IIRS responses from 5,671 respondents were pooled from 15 separate studies concerning quality of life in eight patient groups: rheumatoid arthritis; osteoarthritis; systemic lupus erythematosus; multiple sclerosis; end-stage renal disease (maintenance dialysis); renal transplantation; heart, liver, and lung transplantation; and insomnia. Data were gathered by different methods (eg, interview, self-administered, mail survey) and in diverse contexts (eg, individual vs. group).

RESULTS

Exploratory maximum-likelihood factor analysis identified three underlying factors in a randomly selected subset of respondents (n = 400), corresponding to "Relationships and Personal Development," "Intimacy," and "Instrumental" life domains. Confirmatory factor analysis corroborated the stability of this structure in an independent subsample (n = 2100). Complementary goodness-of-fit indices confirmed the consistency of the three-factor solution, corroborating that IIRS scores are uniquely defined across patient populations. Coefficient alpha was high for total and subscale scores.

CONCLUSIONS

IIRS scores can be compared meaningfully within and across patient groups.
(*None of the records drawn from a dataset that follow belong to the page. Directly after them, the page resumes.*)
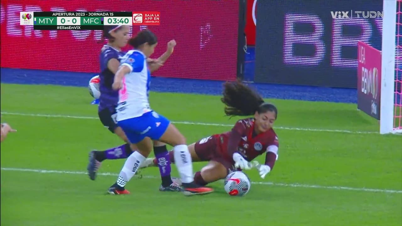 Monterrey intentó abrir a la defensa de Mazatlán por la banda, pero la portera reaccionó a tiempo y evitó la llegada.
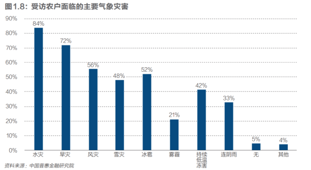 气象灾害是农户面临的主要风险之一。调研数据显示,95%的受访者都不同程度地因为气象灾害遭受过损失。面临的气象灾害因不同地域会有所差别,主要包括水灾(84%)、旱灾(72%)、冰雹(52%)、风灾(56%)、雪灾(48%)和持续低温冻害(42%)(图1.8)。
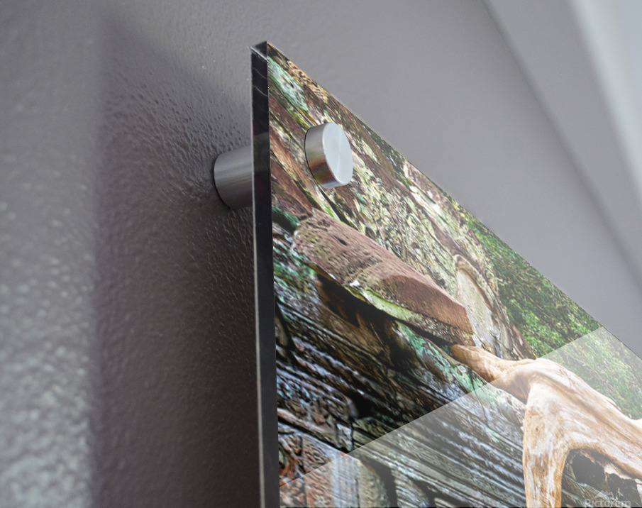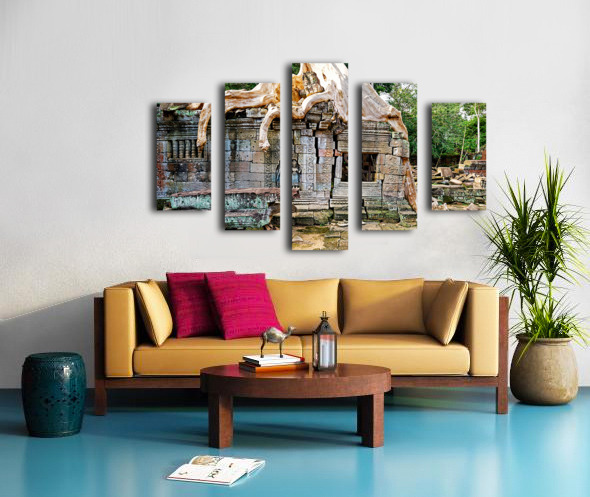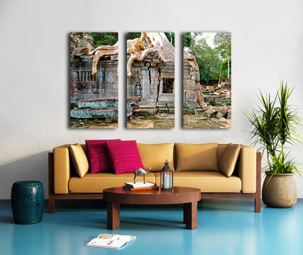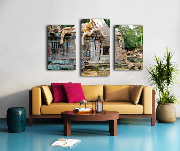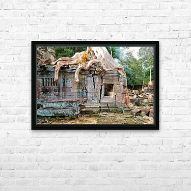 Massive tree roots engulf ancient stone temple ruins. Frame print

Both total and subscale scores can be used depending on research objectives.

摘要

背景

疾病侵扰评定量表(IIRS)用于衡量疾病或其治疗或两者对重要生活领域活动的干扰程度。在比较组内或组间的IIRS分数之前,确定不同患者群体中是否存在共同的潜在因素结构至关重要。

目的

探讨IIRS的潜在因素结构,并评估其在不同诊断中的稳定性。

方法

从15项关于八个患者群体生活质量的独立研究中汇总了5671名受访者的IIRS回答,这些患者群体包括:类风湿性关节炎;骨关节炎;系统性红斑狼疮;多发性硬化症;终末期肾病(维持性透析);肾移植;心脏、肝脏和肺移植;以及失眠症。数据通过不同方法(如访谈、自填式、邮寄调查)收集,且收集背景多样(如个体与群体)。

结果

探索性最大似然因子分析在随机选择的受访者子集(n = 400)中确定了三个潜在因素,分别对应“人际关系与个人发展”、“亲密关系”和“工具性”生活领域。验证性因子分析证实了该结构在独立子样本(n = 2100)中的稳定性。补充的拟合优度指标证实了三因素解决方案的一致性,证实了IIRS分数在不同患者群体中具有独特的定义。总量表和分量表分数的α系数都很高。

结论

IIRS分数可以在患者组内和组间进行有意义的比较。可根据研究目的使用总量表和分量表分数。